Reputation: 1904
I'd like to count how many occurrences of a value happen before a specific value
Below is my starting table
+-----------------+--------------+------------+
| Id | Activity | Time |
+-----------------+--------------+------------+
| 1 | Click | 1392263852 |
| 2 | Error | 1392263853 |
| 3 | Finish | 1392263862 |
| 4 | Click | 1392263883 |
| 5 | Click | 1392263888 |
| 6 | Finish | 1392263952 |
+-----------------+--------------+------------+
I'd like to count how many clicks happen before a finish happens. I've got a very roundabout way of doing it where I write a function to find the last finished activity and query the clicks between the finishes. Also repeat this for Error.
What I'd like to achieve is the below table
+-----------------+--------------+------------+--------------+------------+
| Id | Activity | Time | Clicks | Error |
+-----------------+--------------+------------+--------------+------------+
| 3 | Finish | 1392263862 | 1 | 1 |
| 6 | Finish | 1392263952 | 2 | 0 |
+-----------------+--------------+------------+--------------+------------+
This table is very long so I'm looking for an efficient solution.

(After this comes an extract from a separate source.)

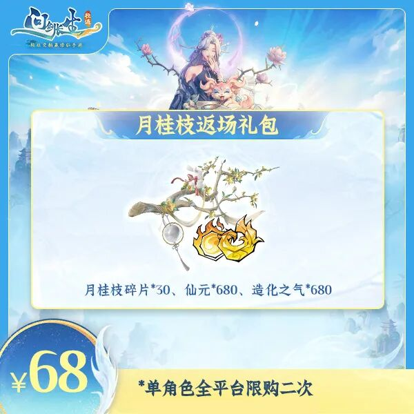 前往抖音搜索【问剑长生】,主页点击商品橱窗,还有2款68元返场飞行法器礼包【月桂枝】和【玄渊墨雪】可选购。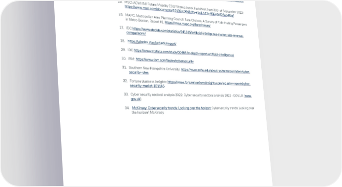 CIO Insights Resilience versus recession 22. MSCI: MSCI ACWI IMI Millennials ESG Filtered Index Factsheet from 30th of September 2022. https://www.msci.com/documents/10199/7b720494-bb6e-6b30-de3e-e931f0dd79ea 23. Stefan Wolter: Smart Mobility- Intelligente Vernetzung der Verkehrsangebote in Großstädten, found on: https://link.springer.com/chapter/10.1007/978-3-8349-7117-3_42 24. Springer Professional: Dies sind die fünf Shared-Mobility-Trends 2021: https://www. springerprofessional.de/mobilitaetskonzepte/corona-krise/die-sind-die-fuenf-shared-mobility- trends-2021/18757082 25. MSCI ACWI IMI Future Mobility ESG Filtered Index Factsheet from 30th of September 2022: https://www.msci.com/documents/10199/c0041df5-e1a1-113c-ff39-0a923a34fdaf 26. MAPC. Metropolian Area Planning Council: Fare Choices. A Survey of Ride-Hailing Passengers in Metro Boston. Report #1. https://www.mapc.org/farechoices/ 27. IDC https://www.statista.com/statistics/941835/artificial-intelligence-market-size-revenue- comparisons/ 28. https://aiindex.stanford.edu/report/ 29. IDC https://www.statista.com/study/50485/in-depth-report-artificial-intelligence/ 30. IBM: https://www.ibm.com/topics/cybersecurity 31. Southern New Hampshire University: https://www.snhu.edu/about-us/newsroom/stem/cyber- security-roles 32. Fortune Business Insights: https://www.fortunebusinessinsights.com/industry-reports/cyber- security-market-101165 33. Cyber security sectoral analysis 2022: Cyber security sectoral analysis 2022 - GOV.UK (www. gov.uk) 34. McKinsey: Cybersecurity trends: Looking over the horizon: Cybersecurity trends: Looking over the horizon | McKinsey In Europe, Middle East and Africa as well as in Asia Pacific this material is considered marketing material, but this is not the case in the U.S. No assurance can be given that any forecast or target can be achieved. Forecasts are based on assumptions, estimates, opinions and hypothetical models which may prove to be incorrect. Past performance is not indicative of future returns. Performance refers to a nominal value based on price gains/losses and does not take into account inflation. Inflation will have a negative impact on the purchasing power of this nominal monetary value. Depending on the current level of inflation, this may lead to a real loss in value, even if the nominal performance of the investment is positive. Investments come with risk. The value of an investment can fall as well as rise and you might not get back the amount originally invested at any point in time. Your capital may be at risk. This document was produced in December 2022. 36

If anyone has any ideas.
Thanks heaps!
Upvotes: 2
Views: 103
Reputation: 77707
Here's another method of using variables, which is somewhat different to @peterm's:
SELECT
Id,
Activity,
Time,
Clicks,
Errors
FROM (
SELECT
t.*,
@clicks := @clicks + (activity = 'Click') AS Clicks,
@errors := @errors + (activity = 'Error') AS Errors,
@clicks := @clicks * (activity <> 'Finish'),
@errors := @errors * (activity <> 'Finish')
FROM
`starting` t
CROSS JOIN
(SELECT @clicks := 0, @errors := 0) i
ORDER BY
time
) AS s
WHERE Activity = 'Finish'
;
What's similar to Peter's query is that this one uses a subquery that's returning all the rows, setting some variables along the way and returning the variables' values as columns. That may be common to most methods that use variables, though, and that's where the similarity between these two queries ends.
The difference is in how the accumulated results are calculated. Here all the accumulation is done in the subquery, and the main query merely filters the derived dataset on Activity = 'Finish'
to return the final result set. In contrast, the other query uses grouping and aggregation at the outer level to get the accumulated results, which may make it slower than mine in comparison.
At the same time Peter's suggestion is more easily scalable in terms of coding. If you happen to have to extend the number of activities to account for, his query would only need expansion in the form of adding one SUM(activity = '...') AS ...
per new activity to the outer SELECT, whereas in my query you would need to add a variable and several expressions, as well as a column in the outer SELECT, per every new activity, which would bloat the resulting code much more quickly.
Upvotes: 0
Reputation: 13248
Try:
select x.id
, x.activity
, x.time
, sum(case when y.activity = 'Click' then 1 else 0 end) as clicks
, sum(case when y.activity = 'Error' then 1 else 0 end) as errors
from tbl x, tbl y
where x.activity = 'Finish'
and y.time < x.time
and (y.time > (select max(z.time) from tbl z where z.activity = 'Finish' and z.time < x.time)
or x.time = (select min(z.time) from tbl z where z.activity = 'Finish'))
group by x.id
, x.activity
, x.time
order by x.id
Upvotes: 0
Reputation: 92805
A version that leverages user(session) variables
SELECT MAX(id) id,
MAX(activity) activity,
MAX(time) time,
SUM(activity = 'Click') clicks,
SUM(activity = 'Error') error
FROM
(
SELECT t.*, @g := IF(activity <> 'Finish' AND @a = 'Finish', @g + 1, @g) g, @a := activity
FROM table1 t CROSS JOIN (SELECT @g := 0, @a := NULL) i
ORDER BY time
) q
GROUP BY g
Output:
| ID | ACTIVITY | TIME | CLICKS | ERROR | |----|----------|------------|--------|-------| | 3 | Finish | 1392263862 | 1 | 1 | | 6 | Finish | 1392263952 | 2 | 0 |
Here is SQLFiddle demo
Upvotes: 1
Reputation: 1270401
This is a complicated problem. Here is an approach to solving it. The groups between the "finish" records need to be identified as being the same, by assigning a group identifier to them. This identifier can be calculated by counting the number of "finish" records with a larger id
.
Once this is assigned, your results can be calculated using an aggregation.
The group identifier can be calculated using a correlated subquery:
select max(id) as id, 'Finish' as Activity, max(time) as Time,
sum(Activity = 'Clicks') as Clicks, sum(activity = 'Error') as Error
from (select s.*,
(select sum(s2.activity = 'Finish')
from starting s2
where s2.id >= s.id
) as FinishCount
from starting s
) s
group by FinishCount;
Upvotes: 1